**PROBLEM REQUIREMENTS:** Pictures excluded, reproduce exactly the lines below from the one with "y técnicas innovadoras." through the one with "Queensryche LIVE! Posted", both included.

**DATA PROVIDED:**
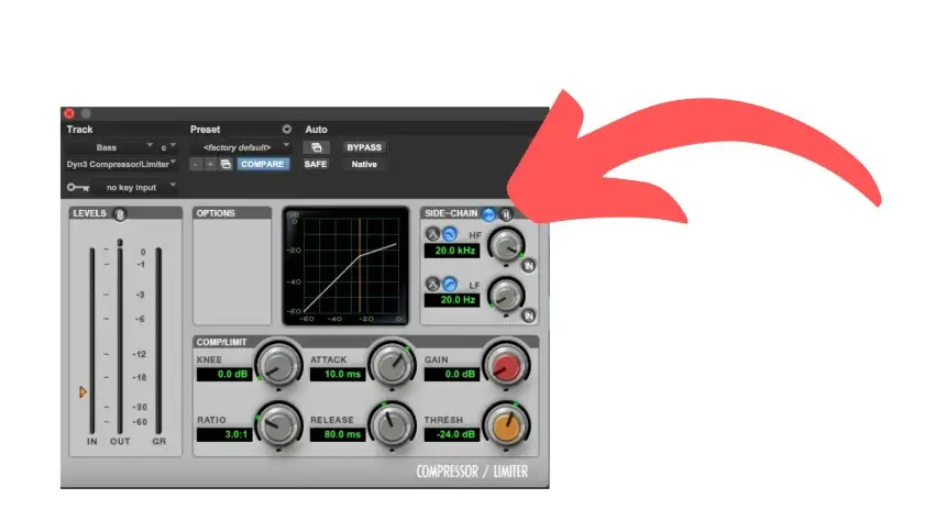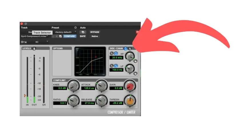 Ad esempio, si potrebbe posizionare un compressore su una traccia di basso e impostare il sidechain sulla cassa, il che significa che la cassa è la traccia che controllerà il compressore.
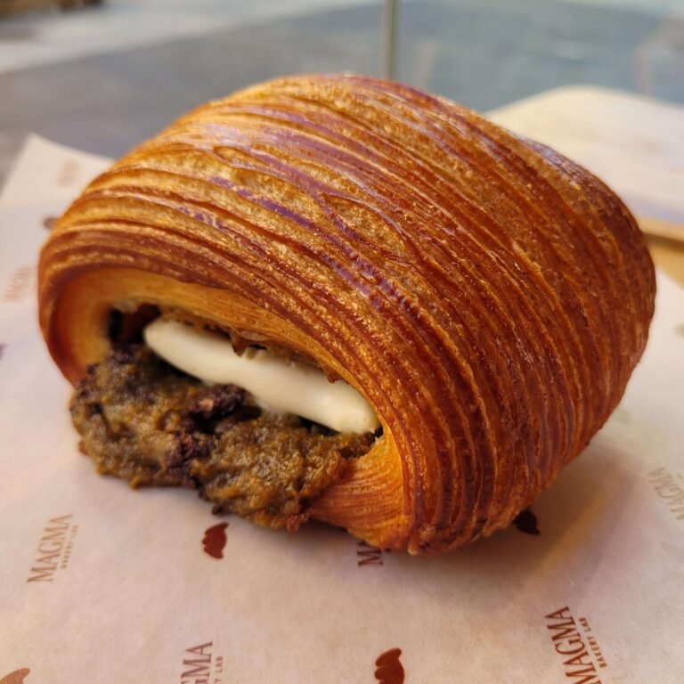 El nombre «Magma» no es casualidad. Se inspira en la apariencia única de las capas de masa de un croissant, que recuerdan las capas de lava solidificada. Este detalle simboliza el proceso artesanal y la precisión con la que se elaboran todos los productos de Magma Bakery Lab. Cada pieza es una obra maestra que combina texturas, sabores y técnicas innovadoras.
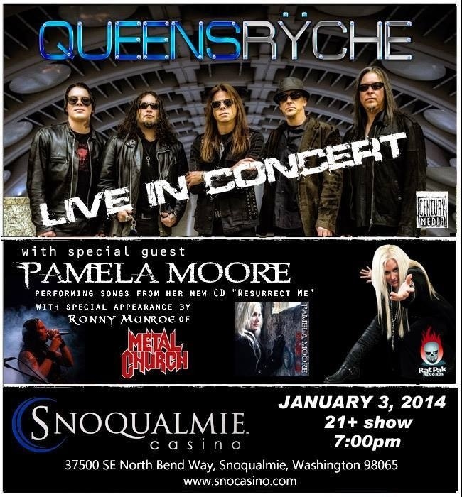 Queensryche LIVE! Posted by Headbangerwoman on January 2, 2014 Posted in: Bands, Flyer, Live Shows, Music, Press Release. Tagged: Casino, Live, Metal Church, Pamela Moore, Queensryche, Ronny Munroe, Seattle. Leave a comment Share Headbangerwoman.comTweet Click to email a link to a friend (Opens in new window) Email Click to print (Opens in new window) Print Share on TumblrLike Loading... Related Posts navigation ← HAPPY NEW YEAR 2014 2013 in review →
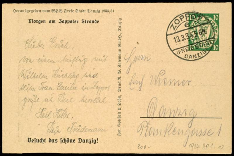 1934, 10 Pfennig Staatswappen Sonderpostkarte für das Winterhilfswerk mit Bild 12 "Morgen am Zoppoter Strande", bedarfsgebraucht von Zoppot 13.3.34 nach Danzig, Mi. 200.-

**SOLUTION TO THIS EXERCISE:**
 El nombre «Magma» no es casualidad. Se inspira en la apariencia única de las capas de masa de un croissant, que recuerdan las capas de lava solidificada. Este detalle simboliza el proceso artesanal y la precisión con la que se elaboran todos los productos de Magma Bakery Lab. Cada pieza es una obra maestra que combina texturas, sabores y técnicas innovadoras.
 Queensryche LIVE! Posted by Headbangerwoman on January 2, 2014 Posted in: Bands, Flyer, Live Shows, Music, Press Release. Tagged: Casino, Live, Metal Church, Pamela Moore, Queensryche, Ronny Munroe, Seattle. Leave a comment Share Headbangerwoman.comTweet Click to email a link to a friend (Opens in new window) Email Click to print (Opens in new window) Print Share on TumblrLike Loading... Related Posts navigation ← HAPPY NEW YEAR 2014 2013 in review →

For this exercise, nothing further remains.